[BEEPbuilders] questions about session release and channel close
Simon Raess
cocoa at gmx.ch
Mon Oct 23 22:22:53 PDT 2006
Hi David
On 23.10.2006, at 20:07, David Kramer wrote:
> Hi Simon,
>
>> The first question concerns the session release. RFC 3080 is
>> pretty specific about closing channels (section 2.3.1.3), but few
>> guidelines are given for session shutdown (section 2.4).
>
> Closing a session is the same as closing channel 0. And although
> it is tempting to treat channel 0 like any other channel, section
> 2.3.1.3 specifically excludes channel 0 from the remainder of that
> section.
>
I've missed that remark, but combined with your remark about the
possibility of a deadlock, it makes sense.

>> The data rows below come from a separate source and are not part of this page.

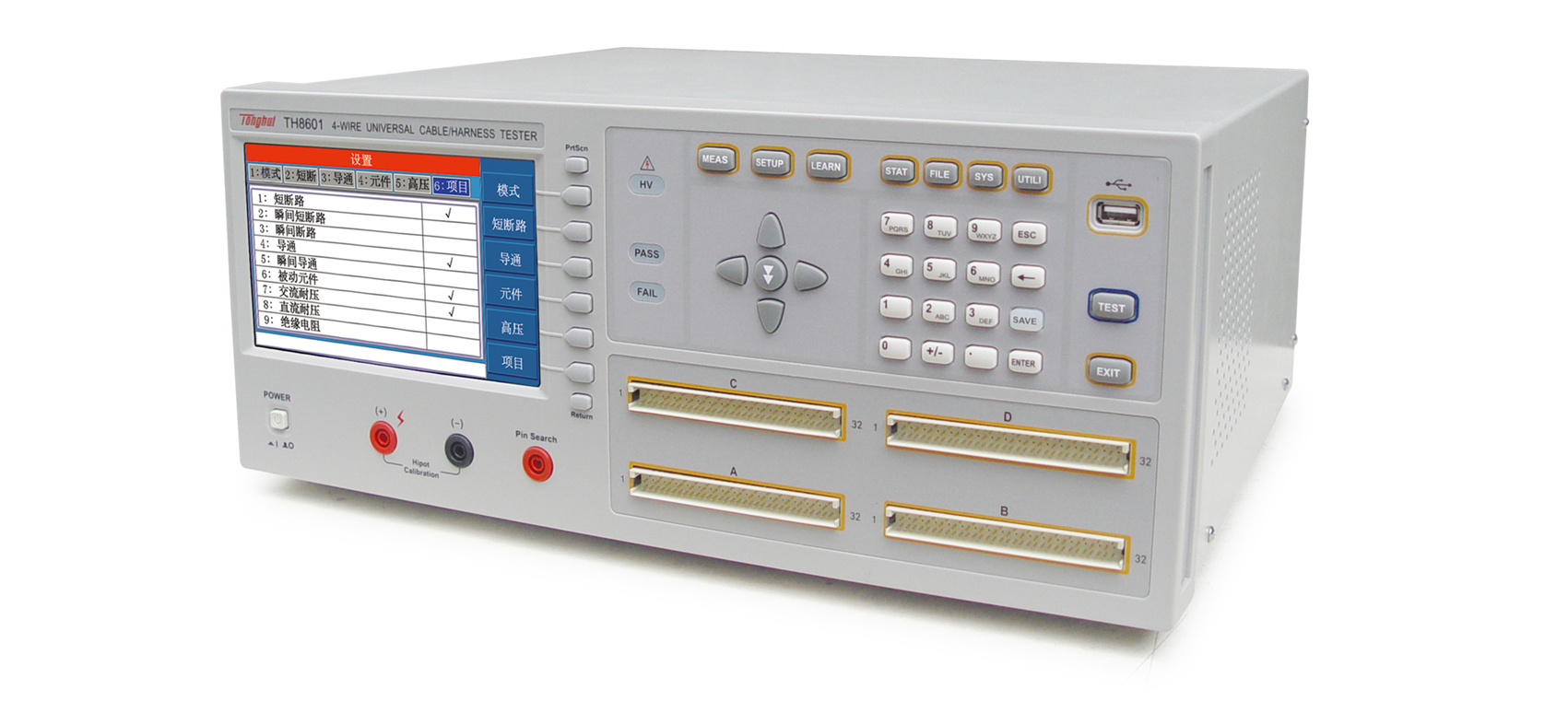 ■ TH8601系列四端線材綜合測(cè)試儀是專用于各種線纜,線束和排 線品質(zhì)及連接可靠性檢驗(yàn)的多功能,自動(dòng)化的線材綜合參數(shù)測(cè)試 系統(tǒng)。該系統(tǒng)提供可編程的恒流恒壓源以及高壓源,測(cè)試項(xiàng)目涵蓋了導(dǎo)通,被動(dòng)元件(電感,電阻,電容,二極管),交直流耐壓,絕緣電阻各種高低壓參數(shù)。本系統(tǒng)采用先進(jìn)的LCR數(shù)字采樣及高速長(zhǎng)壽命通道切換技術(shù),大大提高了測(cè)試精度,速度以及使用壽命。采用高低壓分離技術(shù),大大的提高絕緣電阻的測(cè)試性能。豐富的接口設(shè)計(jì),本儀器還提供RS232, RS485, GPIB, USB, Handler等接口,便于用戶運(yùn)用于自動(dòng)化檢測(cè)和自動(dòng)化產(chǎn)線。
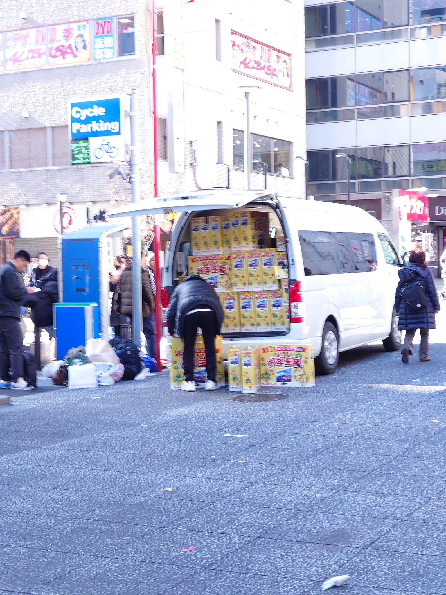 ヨドバシAkibaの近くの路上で中国人転売ヤーが「夢のお年玉箱」(福袋)を買い漁ったものを車に詰め込んでました。
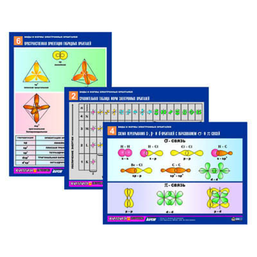 Перезвоните мнеКомплект таблиц по химии раздаточных «Виды и формы электронных орбиталей» 6 шт.

>> A BEEP library could disallow closing the session when there are
>> still open channels. Then, releasing the session would be nothing
>> else than closing channel 0 and then dropping the connection. This
>> seems reasonable to me, but is that how it is meant to be? And how
>> should a BEEP library behave when it receives a close for channel
>> 0 when there are still other open channels? Should it send an
>> error element in a negative reply, thus denying the close of the
>> session? How do existing BEEP frameworks handle this situation?
>
> I believe this must be a policy decision made by the application
> adopting the framework. The framework should provide a mechanism,
> either via a configuration setting, or a callback, for the
> application to decide how to respond to a session-close request.
>
> One policy the framework could implement is that a received session-
> close request is only accepted if the receiver is legally allowed
> to close all currently open channels. In other words, a peer
> should reject a session-close request if it has any open non-zero
> channels for which it has sent unanswered MSGs.
This sounds reasonable. Definitely less constraining than my proposal.
>
>> The second question is about closing channels. How should the
>> following situation be handled? If both BEEP peers decide at about
>> the same time to close a given channel, then it could happen that
>> the two close messages cross in transit. How should this situation
>> be dealt with? Intersting effects could arise if one party accepts
>> the request and the other declines the other request to close the
>> session.
>
> If you have sent a close-session request and you receive a close-
> session request, there is only one reasonable thing to do -- reply
> "ok". Any peer that rejects a close-session request it receives
> while it has an outstanding sent close-session is at best behaving
> pathologically. Note that as soon as you reply "ok" you are
> supposed to close the TCP connection (assuming TCP) -- you are not
> allowed to wait for the reply to your own request in that case.
> Basically, when you send a session-close request, you have a
> contract with your peer that you will close the connection the
> moment you receive an "ok" reply, and you must assume that if you
> receive an "ok" reply that the other peer has already closed the
> connection. Conversely, if you receive a session-close request
> while waiting for a reply to your own session-close request, then
> the remote peer is expecting that you'll close the connection as
> soon as you reply "ok", so it has no reasonable expectation that
> you would be listening even if it did try to reject your session-
> close request.
>
> Now, if channel 0 were treated like all other channels, then the
> only correct behavior would be to reject the session-close
> request. This is because for a regular channel you can not legally
> reply "ok" to a close request until you're received full replies
> for all of your MSGs. But both peers will be waiting for the
> other's reply before sending their own -- deadlock. I believe this
> is why section 2.3.1.3 specifically excludes channel 0 from the rules.